What to produce
Count how many lines in the data hold "contrast". Only the number.

Source records
══════════

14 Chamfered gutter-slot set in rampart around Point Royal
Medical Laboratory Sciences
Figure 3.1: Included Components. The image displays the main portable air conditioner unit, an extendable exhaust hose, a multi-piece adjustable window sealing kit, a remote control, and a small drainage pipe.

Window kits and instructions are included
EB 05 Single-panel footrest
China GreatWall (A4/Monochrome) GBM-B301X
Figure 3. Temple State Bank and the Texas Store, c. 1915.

══════════

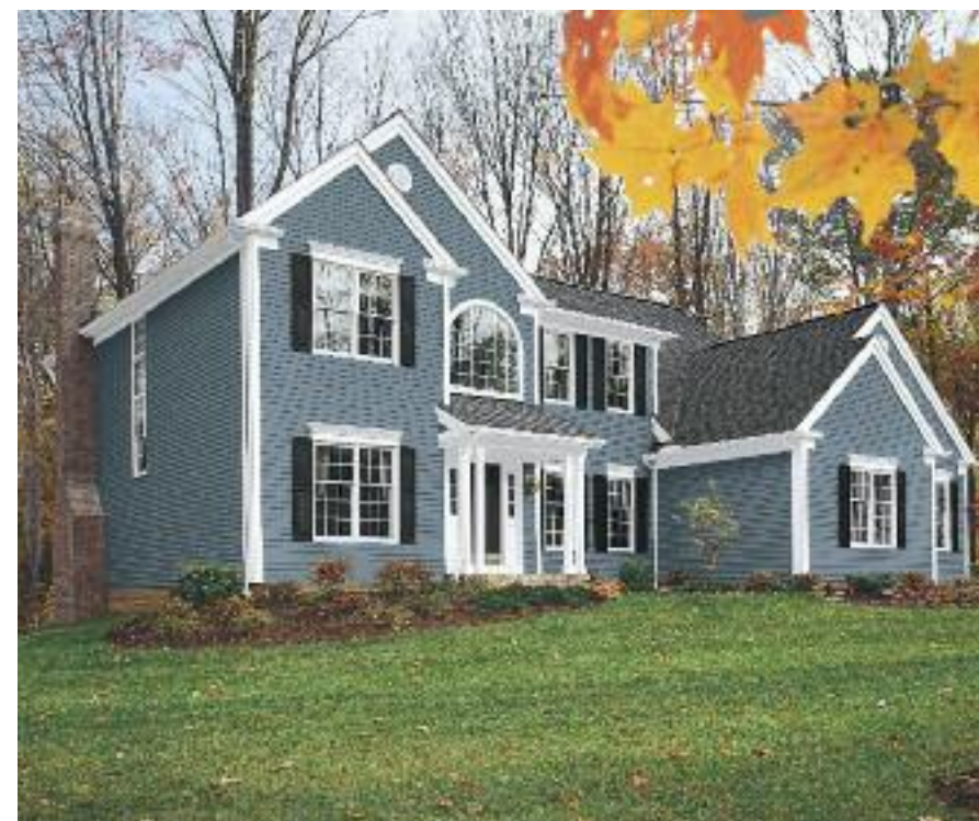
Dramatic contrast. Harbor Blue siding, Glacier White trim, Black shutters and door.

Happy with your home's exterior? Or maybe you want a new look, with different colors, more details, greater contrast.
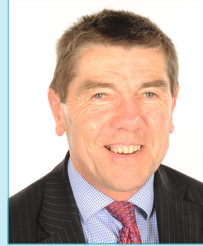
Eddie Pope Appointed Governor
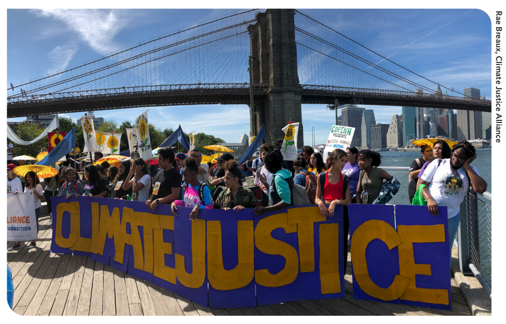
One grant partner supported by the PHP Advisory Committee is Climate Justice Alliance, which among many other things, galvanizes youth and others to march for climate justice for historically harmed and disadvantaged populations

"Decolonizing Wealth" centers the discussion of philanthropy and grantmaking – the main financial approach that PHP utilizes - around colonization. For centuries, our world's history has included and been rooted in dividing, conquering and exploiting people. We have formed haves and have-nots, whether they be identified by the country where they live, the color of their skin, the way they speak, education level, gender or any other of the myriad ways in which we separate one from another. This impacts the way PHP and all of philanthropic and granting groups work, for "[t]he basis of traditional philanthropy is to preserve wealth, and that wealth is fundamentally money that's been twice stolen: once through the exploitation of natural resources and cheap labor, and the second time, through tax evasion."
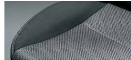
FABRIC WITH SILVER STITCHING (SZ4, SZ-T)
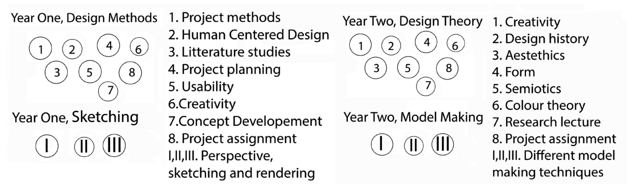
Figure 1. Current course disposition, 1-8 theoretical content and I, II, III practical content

══════════

Solution below
2